I have a 2015 1648 Tracker Grizzly with a 60/45 Mercury jet and have my side console mounted all the way forward against the front deck with two pedestal seats mounted to the floor. I like this setup and have often wondered why more boat manufacturers don’t have this option. Wooldridge is the only manufacturer that does this from the factor for outboard jets that I know off. It is the best setup for my style of fishing. If you go by yourself it can lean a bit but I rarely fish solo and I can shift my bait tank around to level things out. For river fishing it is nice to anchor out and swing the seats around for fishing off the back. In the wonder I troll the lake with downriggers on each side. Troll around and bass fish, etc. 

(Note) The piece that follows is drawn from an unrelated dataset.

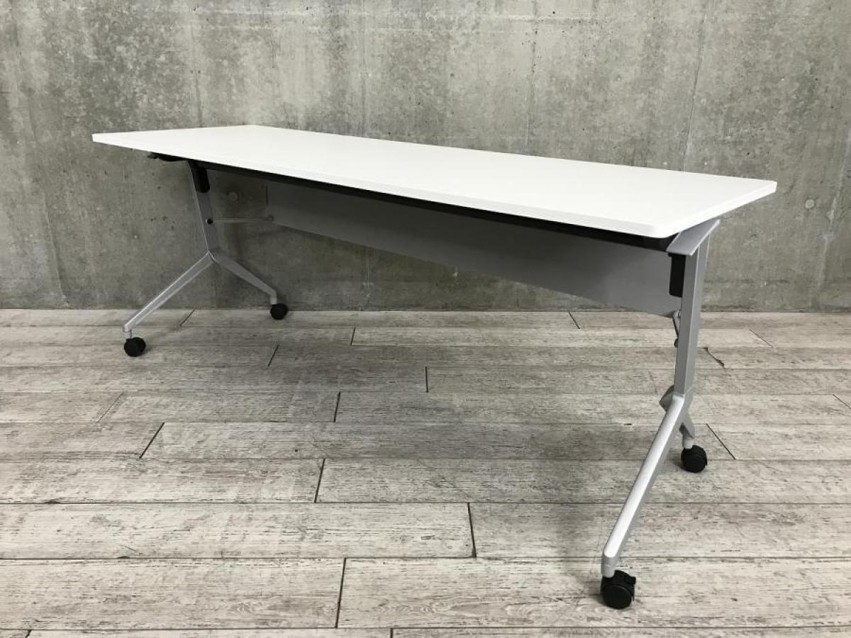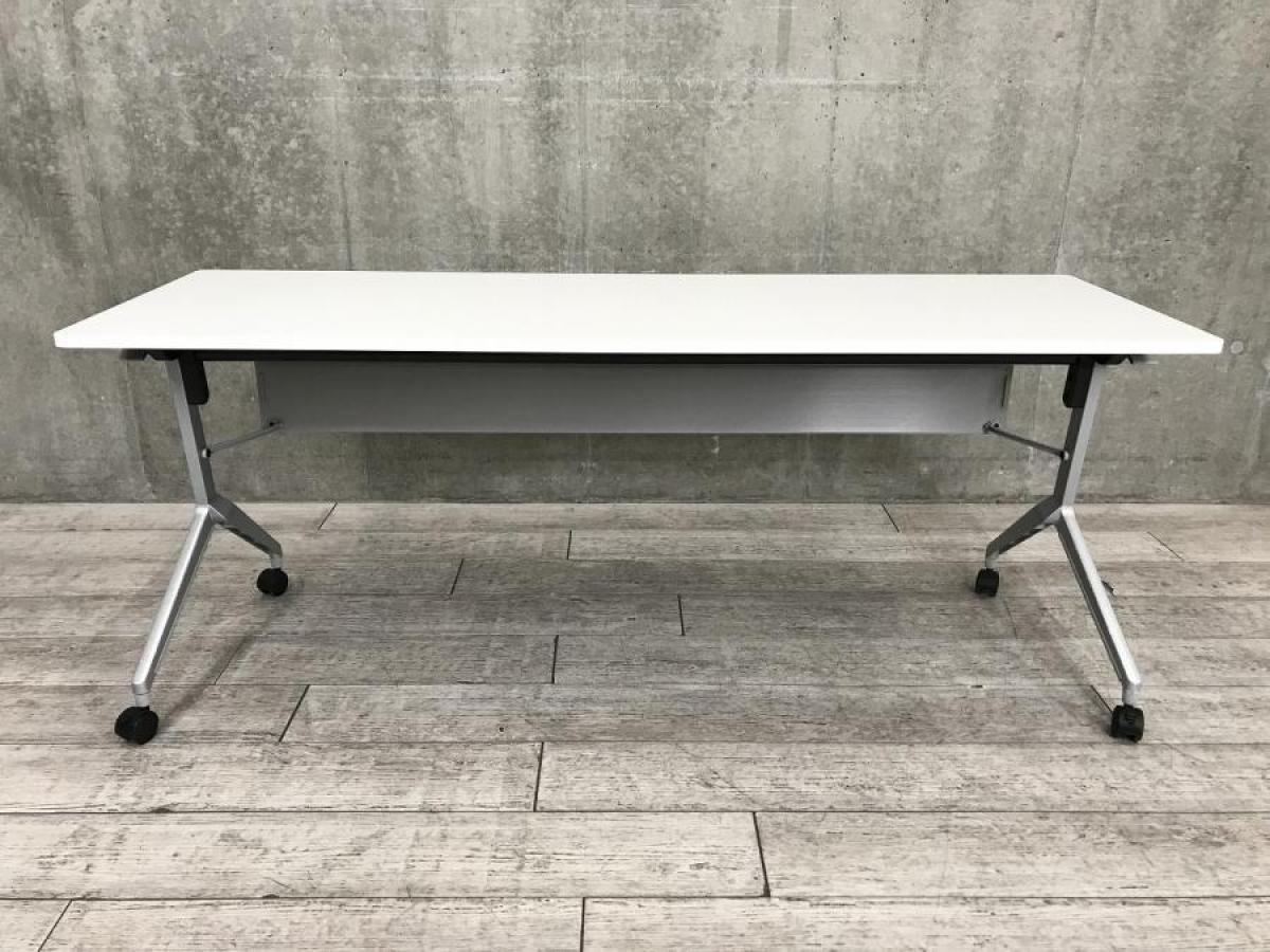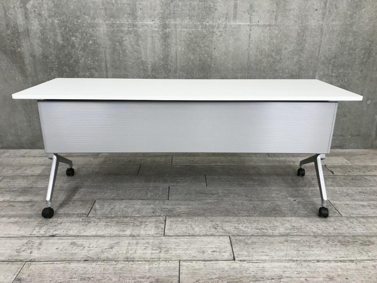 【会議・研修室などに・使わないときは畳んで省スペース!】■コクヨ(KOKUYO)製 リーフライン(Leafline)シリーズ サイドスタックテーブル フラップテーブル ■ホワイト天板 幕板付き W1800×D600㎜ 【2~3名での使用に最適】【IB】在庫がある店舗一覧

I’ll try to attach a picture.


----------



## lovedr79 (Mar 12, 2018)

i always felt the console was too far back on the grizzlys. i thought long and hard baout moving mine forward.


----------



## llbaker2 (Mar 17, 2018)

redrum said:


> I have a 2015 1648 Tracker Grizzly with a 60/45 Mercury jet and have my side console mounted all the way forward against the front deck with two pedestal seats mounted to the floor. I like this setup and have often wondered why more boat manufacturers don’t have this option. Wooldridge is the only manufacturer that does this from the factor for outboard jets that I know off. It is the best setup for my style of fishing. If you go by yourself it can lean a bit but I rarely fish solo and I can shift my bait tank around to level things out. For river fishing it is nice to anchor out and swing the seats around for fishing off the back. In the wonder I troll the lake with downriggers on each side. Troll around and bass fish, etc.
> 
> I’ll try to attach a picture.



Looks like a very nice setup to me. Helps optimize available floor space compared to center console.


----------